Поразмыслив, один из них заявил:
– Тогда поцелуй!
Лиззи гордо тряхнула головой:
– Ни за что!
– Тебе жалко, что ли?
– Я с женихом целоваться буду! – выпалила она и тут же поняла свою ошибку.
– Я, я на тебе женюсь! – вразнобой откликнулись подростки.
– Вот еще выдумали! Никто из вас мне не пара.
– Тогда признавайся, за кого замуж пойдешь. Может, мы тебя и отпустим.
Лиззи согласно кивнула, и веревки тут же распутали. Девушка, высвободившись, отскочила в сторону и крикнула:
– Я за рыцаря в замке замуж выйду, уж он-то знает, как жену ублажать!
Реджинальд Шокли расстроенно посмотрел на нее, понимая, что в шутке Лиззи есть доля правды. Заметив его огорчение, девушка улыбнулась, поманила его к себе, поцеловала в щеку и убежала. Реджинальд вспыхнул от удовольствия и остался стоять посреди улицы.
После разговора с Бенедиктом Мейсоном вечер у Евстахия Годфри не задался. К Уилсону он заходил трижды, но, к раздражению Годфри, торговец домой так и не вернулся.
Опускались сумерки; городские улицы опустели – в преддверии праздника горожане разбрелись по пирушкам. Случайная встреча с Майклом Шокли тоже не прибавила Годфри уверенности в себе, еще и потому, что торговец за десять лет разбогател. Часы на колокольне пробили восемь, и Годфри в четвертый раз постучал в дверь особняка Уилсонов.
Торговец оказался дома и согласился принять гостя.

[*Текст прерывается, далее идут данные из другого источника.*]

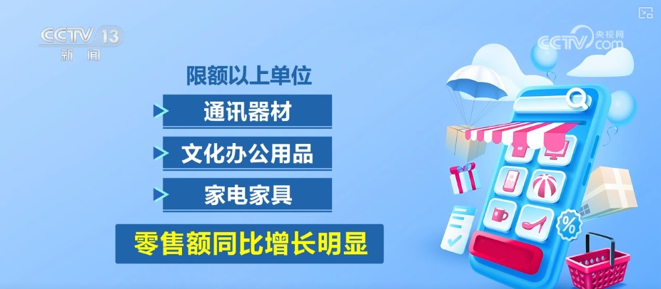 Emtia Tüketim vurguları. Malların perakende satışları yıllık% 4,6 oranında arttı ve sınırın üzerindeki mal birimlerinin perakende satışları% 5,8 arttı. Yeni politika etkili olmaya devam ediyor ve binek otomobillerin perakende hacmi yıllık% 5,8 arttı. İletişim ekipmanlarının perakende satışları, kültürel ofis malzemeleri ve sınırın üzerindeki birimler halinde ev aletleri ve mobilyalar yıllık olarak önemli ölçüde artmıştır. Yükseltilmiş ürünler iyi büyüdü ve spor ve eğlence ürünlerinin perakende satışları%25,4 arttı.

Особняк Джона Уилсона занимал два каменных дома на углу квартала. Парадный вход находился в нише под внушительной аркой, над которой располагалась спальня. За аркой виднелись двор и сад, обнесенный высокой стеной. В целом постройка создавала впечатление жилища богатого человека.
Годфри пригласили в гостиную, где за дубовым столом восседал Джон Уилсон. При виде гостя хозяин не поднялся, а лишь кивнул на кресло напротив, приглашая Годфри садиться. Только сейчас Евстахий заметил, что в углу гостиной молча стоит Роберт Уилсон, сын торговца.
Потолочные дубовые балки украшала замысловатая резьба, в окна было вставлено рейнское стекло с узором из роз и лилий. На столе перед Джоном Уилсоном стояла тарелка копченых языков и миска изюма. Торговец опустил серебряную вилку на столешницу и подтолкнул миску гостю, не произнося ни слова.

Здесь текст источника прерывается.